This can be expressed as the following [Table 5].

[Table 5]

Figure 112015060399490-pat00005

As shown in [Table 5], since the load is smaller than the load at the middle part or the peak load, the increase in the real-time consumption at this time does not have a greater effect than the increase in the middle part or the maximum load. A faint alarm is displayed. However, in the peak load time, which is the load of the middle part and one of them, the increase in the usage fee due to the increase of the real time consumption may have a great influence, and therefore, it is warned as a term that can affect the user more by the worst or worst. The same can be applied to the case where the real-time consumption amount is smaller than the reference consumption amount.

Meanwhile, in the embodiment of the present invention, in order to enable the user to manage the energy maximum consumption according to the real-time energy consumption amount and the real-time energy consumption amount management, an intuitive user interface (User Interface) .

10 is a diagram showing an energy real-time consumption state alarm according to an embodiment of the present invention.

Referring to FIG. 10, a center display window of a circle, for example, a consumption state display unit 1, is an area for performing an alarm for real-time energy consumption management. Bad, Worse, and Worst. If you use less, you can display Good, Best, and Excellent.

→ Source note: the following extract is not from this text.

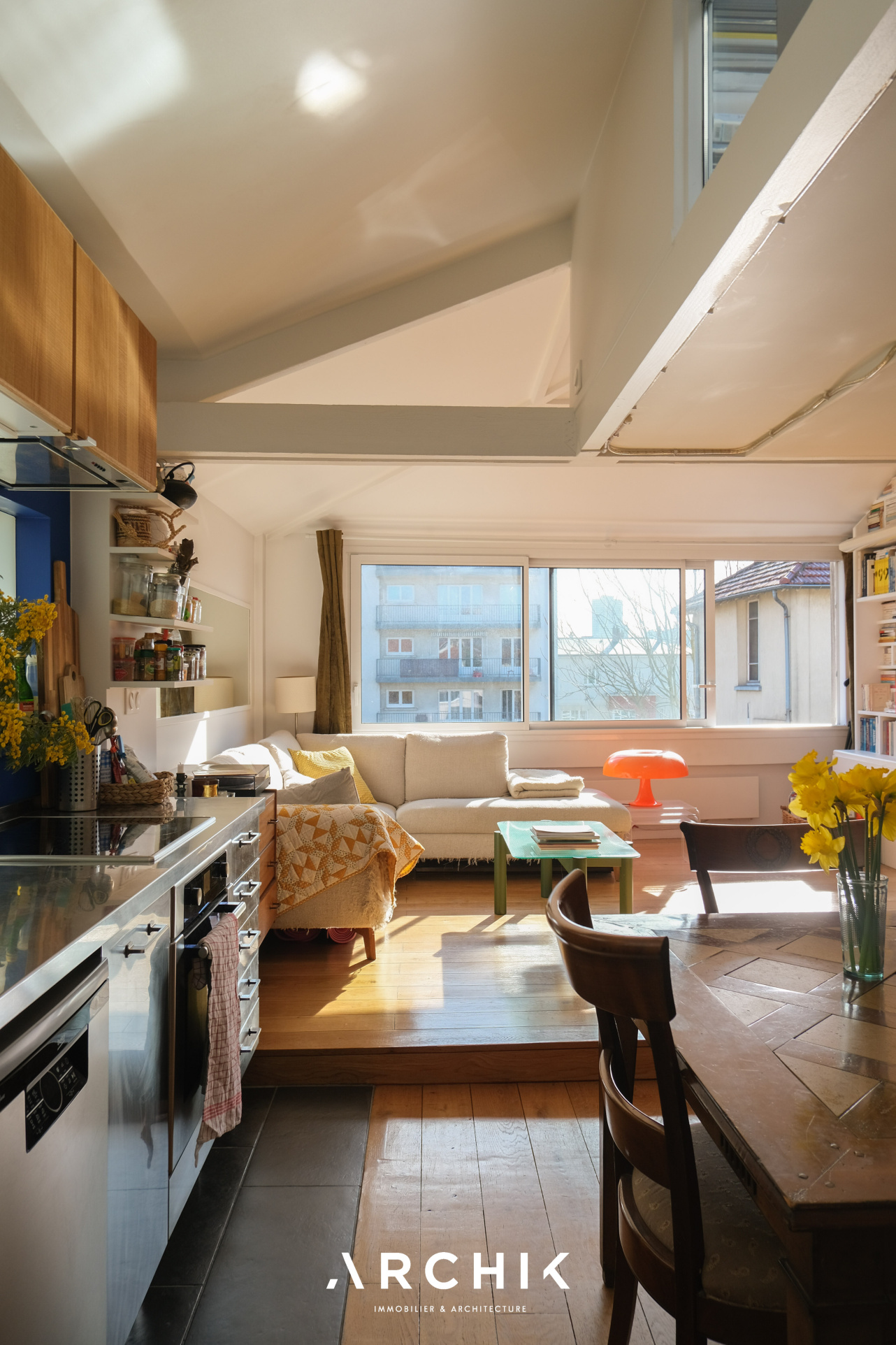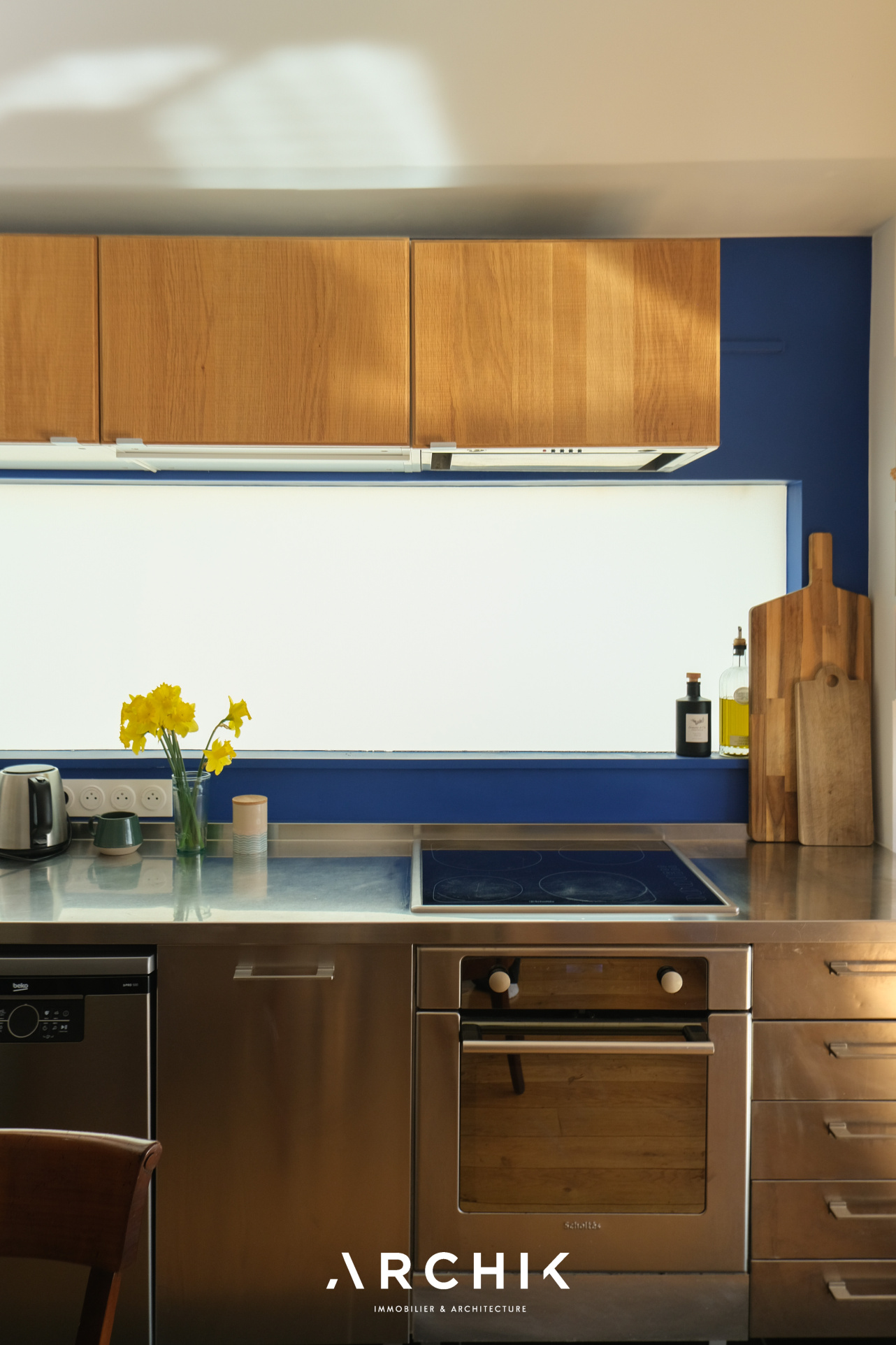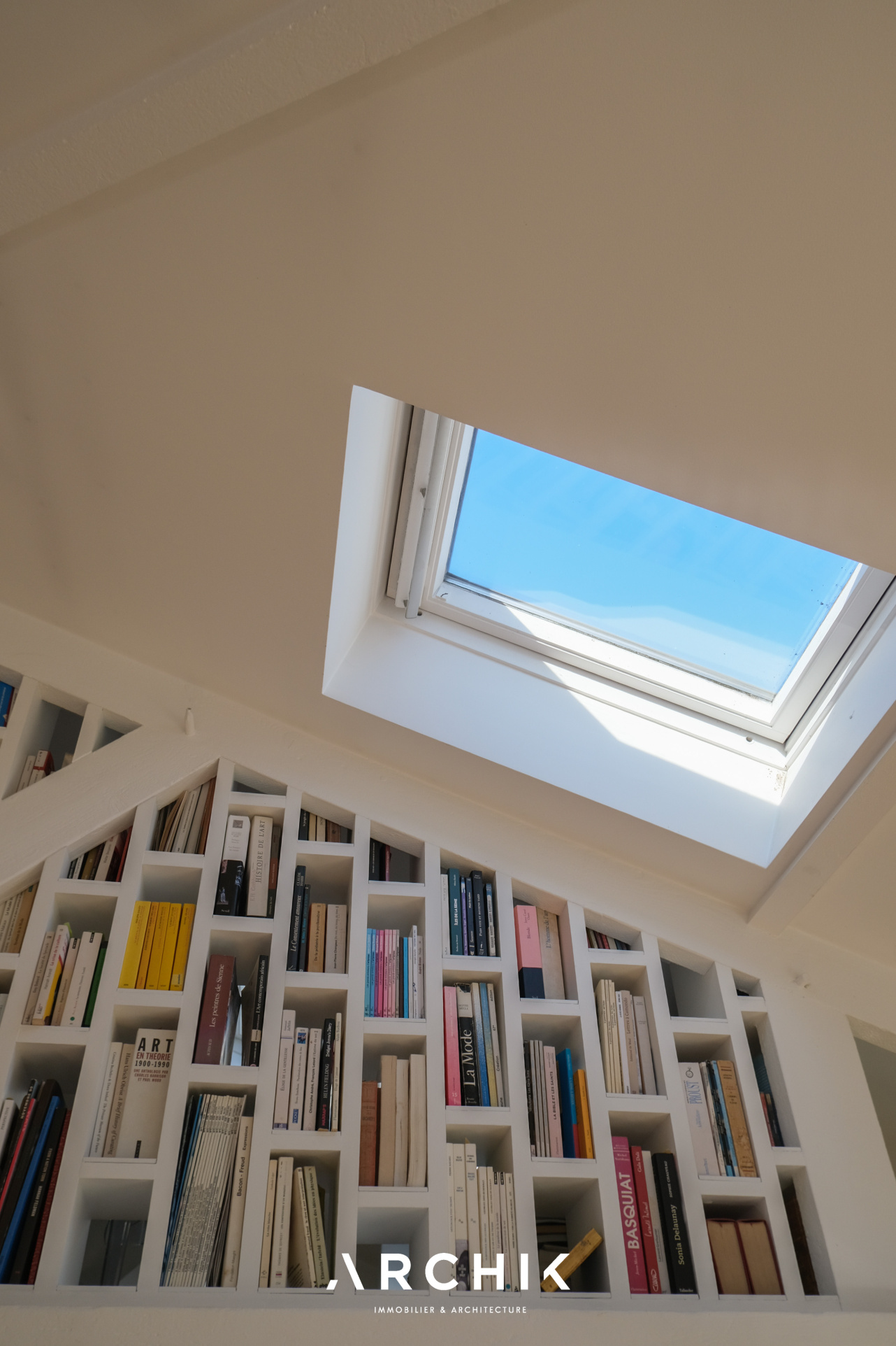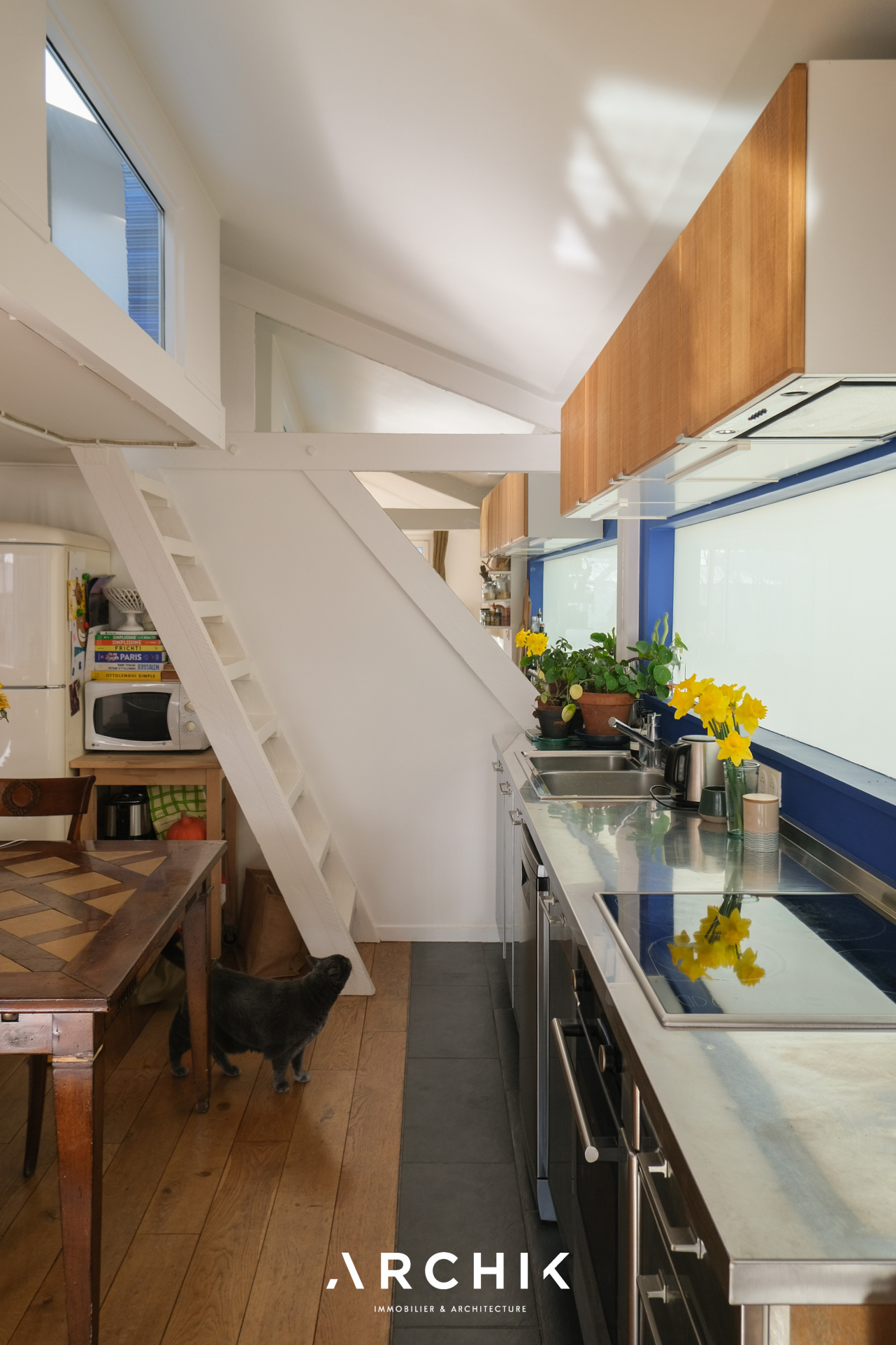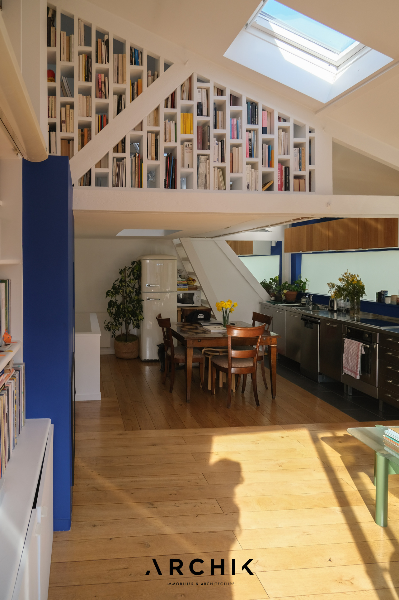 La cuisine en inox et l'espace repas prennent place sous la mezzanine, ponctués de jeux de vitrages qui maintiennent une continuité visuelle et lumineuse entre les niveaux. La bibliothèque ajourée en bord de mezzanine fait office de claustra, laissant passer la lumière tout en structurant l'ensemble.

In addition, a display portion on the periphery of the circle, for example, the peak alarm display portion (2), flashes in red when the current consumption amount is close to the maximum consumption amount to warn the proximity to the maximum consumption amount, In such a case, it is displayed in red so as to warn the renewal of the maximum consumption amount so that the rate increase due to the increase in the base rate can be known and prevented in advance.

This type of alarm display is just one example, and a word displayed in a square instead of a circle or a word displayed in the center of a circle may also be replaced by another term.

Hereinafter, an intelligent energy demand management system based on seasonal power load time zones according to an embodiment of the present invention will be described with reference to the drawings.

11 is a configuration block diagram of an intelligent energy demand management device according to an embodiment of the present invention.

11, an intelligent energy demand management system 10 according to an embodiment of the present invention includes a storage unit 100, a consumption table generation unit 200, a reference consumption amount generation unit 300, (400), a data collecting unit (500), and an energy managing unit (600).

The storage unit 100 stores power data, i.e., energy data, consumed in an object, which consumes energy, particularly, electric power.

The consumption table generating unit 200 generates an energy consumption table by classifying the user's energy data according to season load time zones using the seasonal load time zone classification table provided by KEPCO.

The reference consumption amount generating unit 300 extracts a user's energy consumption habit using the energy consumption table generated by the consumption table generating unit 200, and then generates a reference consumption amount.

The attribute table generation unit 400 generates an energy property table for each user by combining the reference consumption amount by the season load time period of the user generated by the reference consumption amount generation unit 300 with the maximum consumption amount.

The data collecting unit 500 collects the energy data consumed by the user in real time. The energy data thus collected is stored in the storage unit 100.

The energy managing unit 600 compares the energy data collected by the data collecting unit 500 with the energy property table generated by the property table generating unit 400 and provides an alarm for user customized energy management.

12 is a diagram showing a specific configuration of the consumption table generating unit 200 shown in FIG.

12, the consumption table generation unit 200 includes a data conversion unit 210 and a generation unit 220. [

The data conversion unit 210 extracts device information, date information, time information, and consumption amount information from the energy data, and converts the information into device information, season information, load time zone information, and consumption amount information using seasonal load time zone classification tables provided in KEPCO do.

The generation unit 220 generates an energy consumption table for each of the energy data for each load time period by using the device information, season information, load time zone information, and consumption amount information converted by the data conversion unit 210.

FIG. 13 is a diagram showing a specific configuration of the reference consumption amount generation unit 300 shown in FIG.

13, the reference consumption amount generation unit 300 includes a grouping unit 310, an analysis unit 320, and a generation unit 330.

The grouping unit 310 groups energy consumption amounts by user in units of seasonally loaded time zones, which is a criterion for pricing, using the energy consumption table generated by the consumption table generating unit 200.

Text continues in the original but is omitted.